* Information supplied *
= = = = = = =
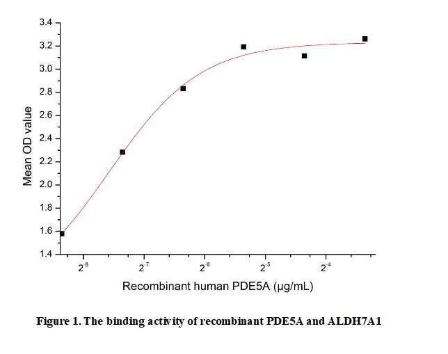 Phosphodiesterase 5A (PDE5A) is a key enzyme that regulates cellular signaling by hydrolyzing cyclic guanosine monophosphate (cGMP), a second messenger involved in smooth muscle relaxation and vasodilation. It is best known as the therapeutic target for sildenafil (Viagra) in treating erectile dysfunction and pulmonary arterial hypertension, where its inhibition increases cGMP levels to enhance blood flow. Research also explores its roles in cardiac function and cancer. Meanwhile, PDE5A can form a functional complex with ALDH7A1, an aldehyde dehydrogenase, potentially linking cGMP signaling to cellular metabolism and stress response pathways.Thus a functional ELISA assay was conducted to detect the interaction of recombinant PDE5A and recombinant ALDH7A1. Briefly, PDE5A was diluted serially in PBS with 0.01% BSA (pH 7.4). Duplicate samples of 100 μl were then transferred to ALDH7A1-coated microtiter wells and incubated for 1h at 37℃. Wells were washed with PBST and incubated for 1h with anti-PDE5A pAb, then aspirated and washed 3 times. After incubation with HRP labelled secondary antibody for 1h at 37℃, wells were aspirated and washed 5 times. With the addition of substrate solution, wells were incubated 15-25 minutes at 37℃. Finally, add 50 µL stop solution to the wells and read at 450/630nm immediately. The binding activity of recombinant PDE5A and recombinant ALDH7A1 was shown in Figure 1, the EC50 for this effect is 0.005µg/mL.
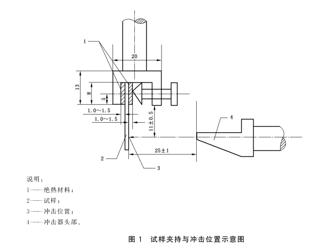 冲击头的中心线与试样夹持器之间的距离为8?0.3mm。
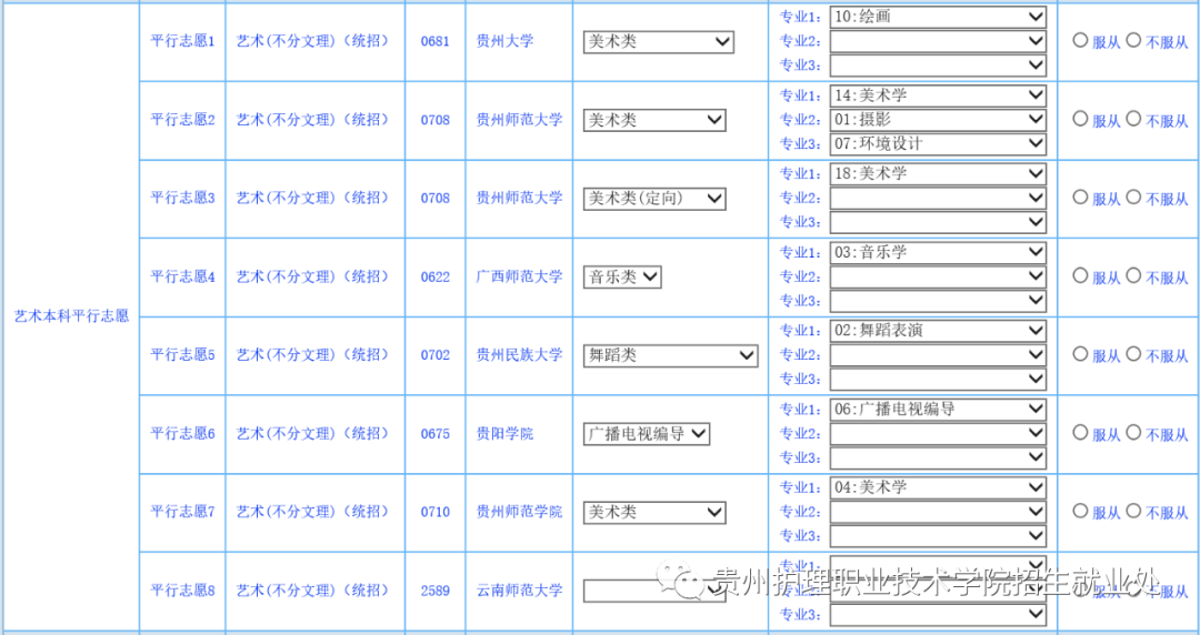 9.艺术类考生在填报艺术类平行志愿时,要根据参加的艺术类专业考试合格情况选择专业类别,同一院校的不同类别专业分别填在不同志愿,可以填报多所院校多种类别的专业。
= = = = = = =
Go through the data above and transcribe it in full, omitting any image.

 Phosphodiesterase 5A (PDE5A) is a key enzyme that regulates cellular signaling by hydrolyzing cyclic guanosine monophosphate (cGMP), a second messenger involved in smooth muscle relaxation and vasodilation. It is best known as the therapeutic target for sildenafil (Viagra) in treating erectile dysfunction and pulmonary arterial hypertension, where its inhibition increases cGMP levels to enhance blood flow. Research also explores its roles in cardiac function and cancer. Meanwhile, PDE5A can form a functional complex with ALDH7A1, an aldehyde dehydrogenase, potentially linking cGMP signaling to cellular metabolism and stress response pathways.Thus a functional ELISA assay was conducted to detect the interaction of recombinant PDE5A and recombinant ALDH7A1. Briefly, PDE5A was diluted serially in PBS with 0.01% BSA (pH 7.4). Duplicate samples of 100 μl were then transferred to ALDH7A1-coated microtiter wells and incubated for 1h at 37℃. Wells were washed with PBST and incubated for 1h with anti-PDE5A pAb, then aspirated and washed 3 times. After incubation with HRP labelled secondary antibody for 1h at 37℃, wells were aspirated and washed 5 times. With the addition of substrate solution, wells were incubated 15-25 minutes at 37℃. Finally, add 50 µL stop solution to the wells and read at 450/630nm immediately. The binding activity of recombinant PDE5A and recombinant ALDH7A1 was shown in Figure 1, the EC50 for this effect is 0.005µg/mL.
 冲击头的中心线与试样夹持器之间的距离为8?0.3mm。
 9.艺术类考生在填报艺术类平行志愿时,要根据参加的艺术类专业考试合格情况选择专业类别,同一院校的不同类别专业分别填在不同志愿,可以填报多所院校多种类别的专业。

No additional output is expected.